Suspend took longer than usual and after resume by pressing a key on keyboard,
screen did not turn on.

A hopefully relevant part of trace (attached complete):

Jul 20 21:44:50 too-pc kernel: [drm:amdgpu_job_timedout [amdgpu]] *ERROR* ring
sdma0 timeout, signaled seq=1605372, emitted seq=1605374
Jul 20 21:44:50 too-pc kernel: [drm:amdgpu_job_timedout [amdgpu]] *ERROR*
Process information: process  pid 0 thread  pid 0
Jul 20 21:44:50 too-pc kernel: amdgpu 0000:2f:00.0: amdgpu: GPU reset begin!

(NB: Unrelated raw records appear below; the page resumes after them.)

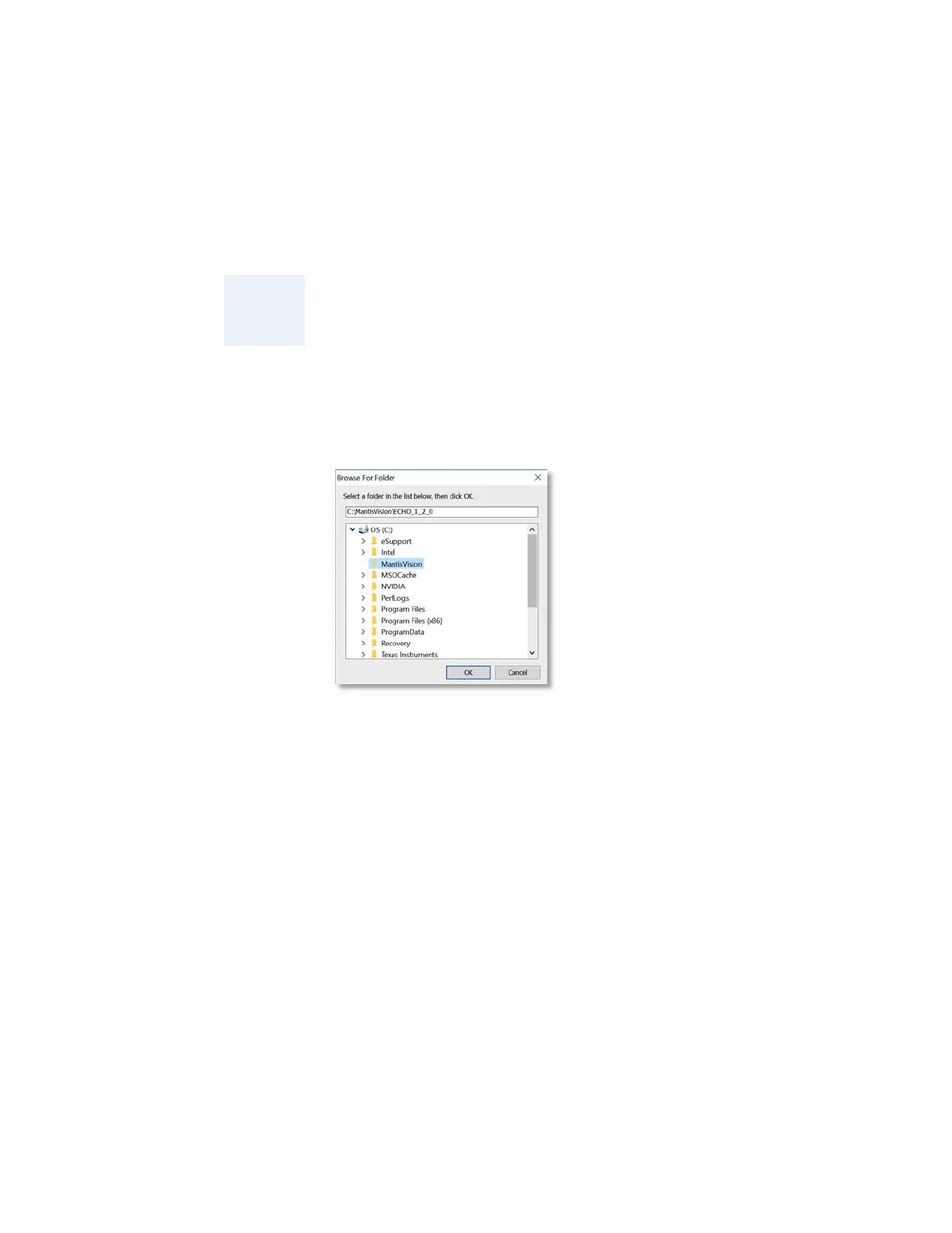 This Dialog-Box allows manual selection of another folder to install the Echo™
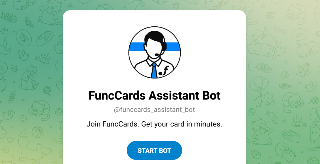У проекта есть бот FuncCards Assistant Bot через который предлагается регистрация, выбор языка и первичное знакомство с сервисом. Это скорее вспомогательный канал, чем полноценная платформа общения.
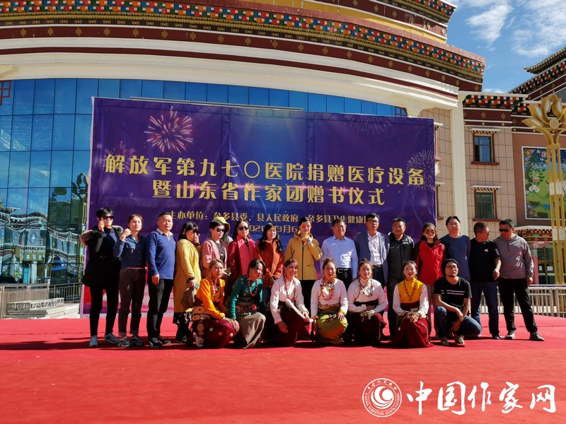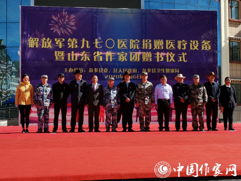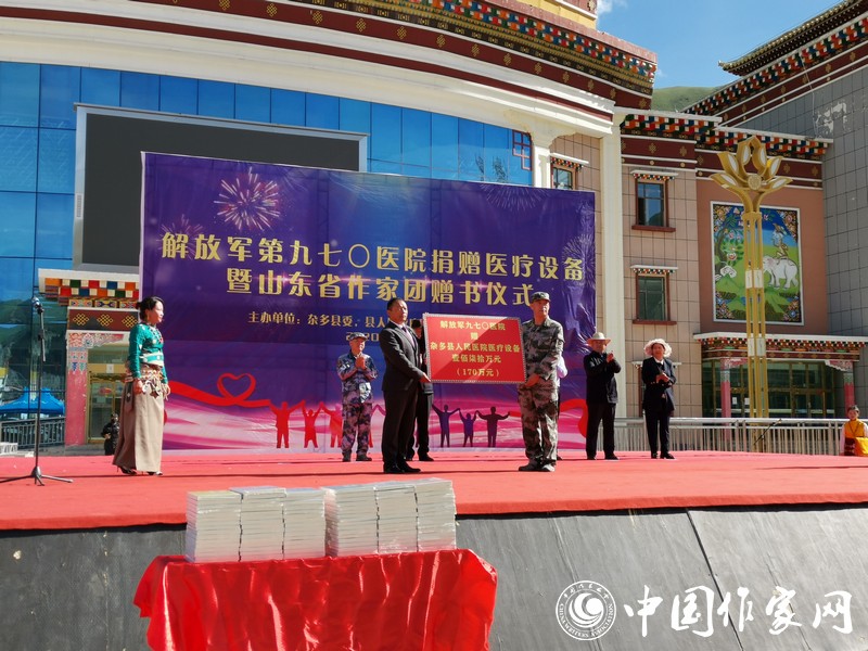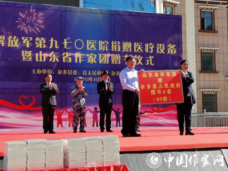 8月6日上午,“解放军第970医院医疗设备捐赠及山东省作家团赠书仪式”在杂多县文化广场上举行。山东作家们以“守护希望、筑梦未来”为宗旨,为杂多县的孩子们赠送了一批图书。葛长伟在致辞中表示:“此次携作家团来到美丽的澜沧江源头,将以民族情感为纽带,用文字铭刻澜沧文化,为杂多的蓬勃发展贡献力量。”仪式上,杂多县向山东省作协回赠锦旗:“巍巍泰山情系雪域高原 澜沧江源笔绘脱贫攻坚”。
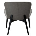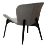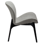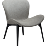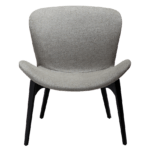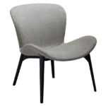 Ova lounge fotelja ističe se elegantnim detaljima. Tanko, zaobljeno sjedalo i naslon presvučeni su u smeđu boucle tkaninu. Postolje čine crne noge drva jasena s vidljivim godovima.
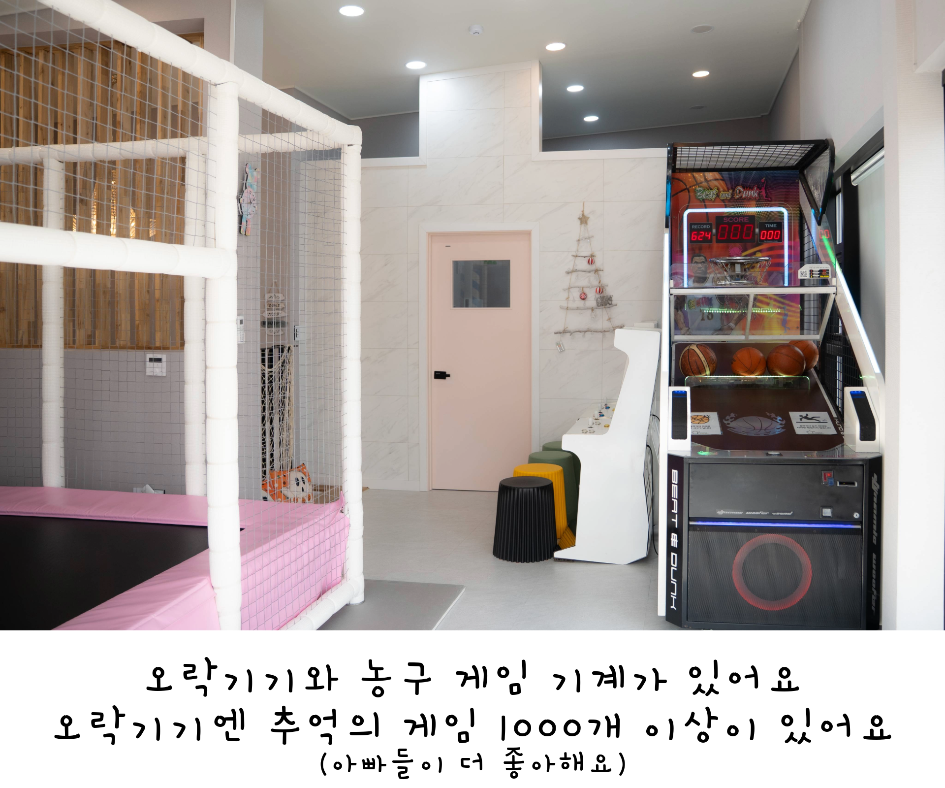 3F- 정글짐, 각종 오락기, 농구 게임기, 냉난방기, 퀸침대1, 화장실, 플레이텐트(아기침대), 오션뷰

Jul 20 21:44:51 too-pc systemd[1]: NetworkManager-dispatcher.service:
Deactivated successfully.
Jul 20 21:44:54 too-pc kernel: amdgpu 0000:2f:00.0: amdgpu: SMU: I'm not done
with your previous command: SMN_C2PMSG_66:0x0000003A SMN_C2PMSG_82:0x00000000
Jul 20 21:44:54 too-pc kernel: amdgpu 0000:2f:00.0: amdgpu: Failed to retrieve
enabled ppfeatures!
Jul 20 21:44:58 too-pc kernel: amdgpu 0000:2f:00.0: amdgpu: SMU: I'm not done
with your previous command: SMN_C2PMSG_66:0x0000003A SMN_C2PMSG_82:0x00000000
Jul 20 21:44:58 too-pc kernel: amdgpu 0000:2f:00.0: amdgpu: Failed to retrieve
enabled ppfeatures!
Jul 20 21:45:02 too-pc kernel: amdgpu 0000:2f:00.0: amdgpu: failed to suspend
display audio
Jul 20 21:45:02 too-pc kernel: amdgpu 0000:2f:00.0: amdgpu: Failed to disallow
df cstate
Jul 20 21:45:02 too-pc kernel: ------------[ cut here ]------------
Jul 20 21:45:02 too-pc kernel: WARNING: CPU: 24 PID: 574073 at
drivers/gpu/drm/amd/amdgpu/amdgpu_irq.c:599 amdgpu_irq_put+0x46/0x70 [amdgpu]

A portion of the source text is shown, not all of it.